Optionally, you may also pass --output <output> to populate-label, where <output> is the name of the new populated label file you wish to write (otherwise it writes to label.yml).

What is a 'filetype'?

A filetype is a group of files with a reasonably consistent structure: for instance, a group of FITS files with HDUs of the same extension and data types in the same order, a group of Parquet files that share a table schema, or a group of ASDF files with tables or arrays of the same types at the same paths.

The label schema also permits optional and variably repeated columns and objects, but populate-label will not automatically describe every legal variable structure due to uncertainty about whether variability is "correct" or unintentional. Specifically, it will only automatically detect variable numbers of repetitions when they follow the common naming convention <CONSISTENT_NAME>_<VARIABLE_NUMBER>. It will detect columns or HDUs of consistent type and HDU order but variable name.

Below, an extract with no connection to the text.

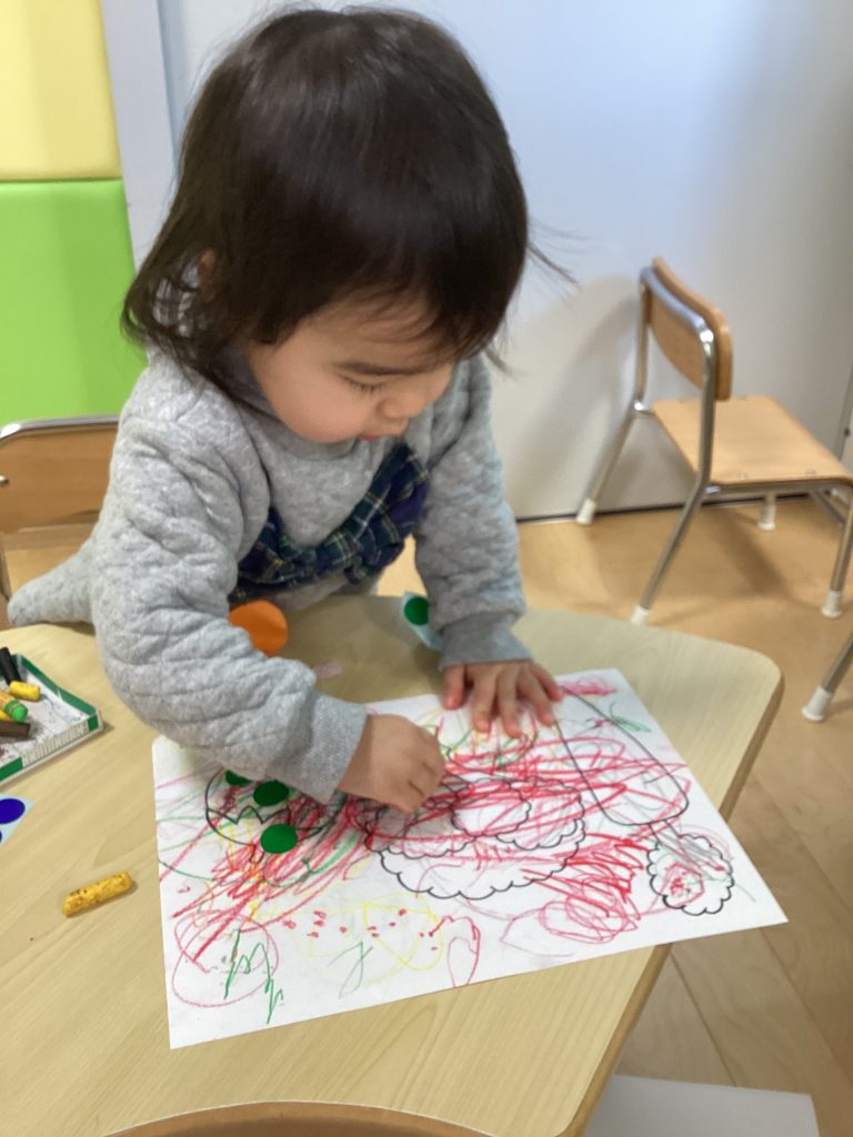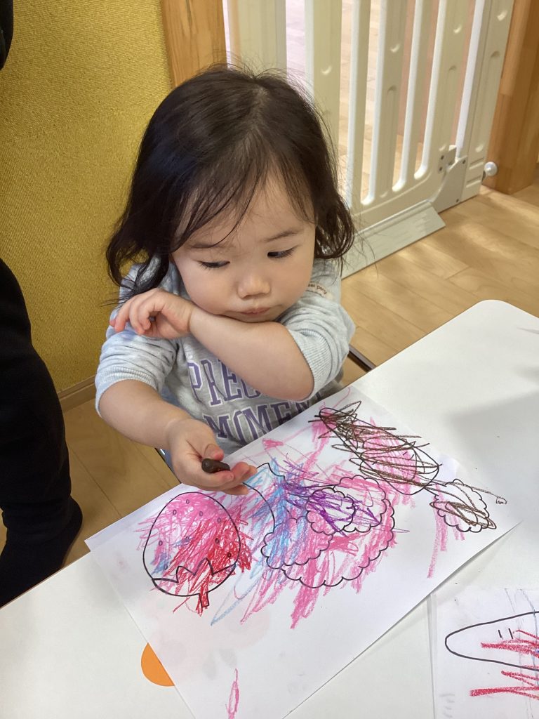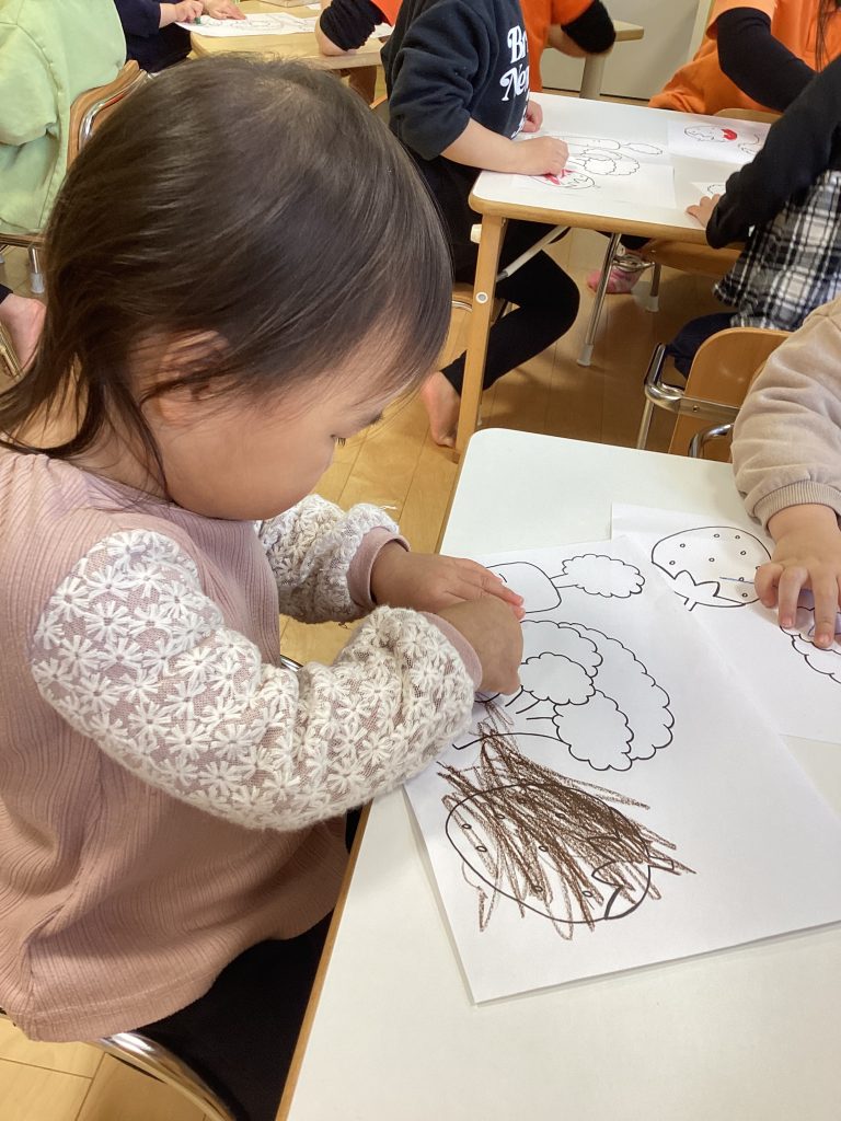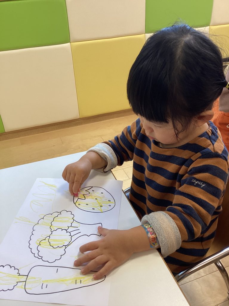 上手にちぎったブロッコリーを給食室まで運んだ後は、ブロッコリーを含めた野菜の塗り絵をしました♪

It will also detect 'repeated' ASDF nodes defined by <CONSISTENT_NAME>_<VARIABLE_NUMBER> in the final element of the path.

Note that populate-label does not describe every single object in ASDF files; because of ASDF's flexibility, there is too much ambiguity about what is "data" and what is "metadata", and populate-label does not intend to fully recreate an ASDF schema. It describes arrays and tables of common types. If an ASDF filetype stores its data objects as types populate-label does not recognize, you must manually describe those objects if you wish to validate that filetype at object level.

Troubleshooting

If populate-label fails, it is possible that you accidentally described multiple distinct filetypes as one, or that your filetype has a structure populate-label will not describe. You might want to try populate-label on a smaller subset of your files to help disambiguate these issues.

Additional requirements for the validator, in particular metadata that must be present, may also be manually specified in the label, but are not automatically filled in by populate-label.

Toy example

This repository includes a small 'toy' dataset and skeleton label you can use to try the local commands of mast-upload.

For instance, from repository root:

mast-upload populate-label extras/fast_toy_dataset/data/ extras/fast_toy_dataset/toy-1.yml will fill out extras/fast_toy_dataset/toy-1.yml and write the populated label as toy-1-populated.yml.

mast-upload validate-all extras/fast_toy_dataset/data/ toy-1-populated.yml will then validate the contents of extras/fast_toy_dataset/data against toy-1-populated.yml (this command should report that all files are valid).

mast-upload validate-all extras/fast_toy_dataset/bad_data/ toy-1-populated.yml will then validate the contents of extras/fast_toy_dataset/bad_data against toy-1-populated.yml (this command should report validation failures for all files).

mast-upload index extras/fast_toy_dataset/data/ --make-checksums will index the contents of extras/fast_toy_dataset/data and write an index.csv file containing paths and checksums.

mast-upload report-filetypes extras/fast_toy_dataset/data/ toy-1-populated.yml will write a filetypes.csv file containing paths and assigned filetypes.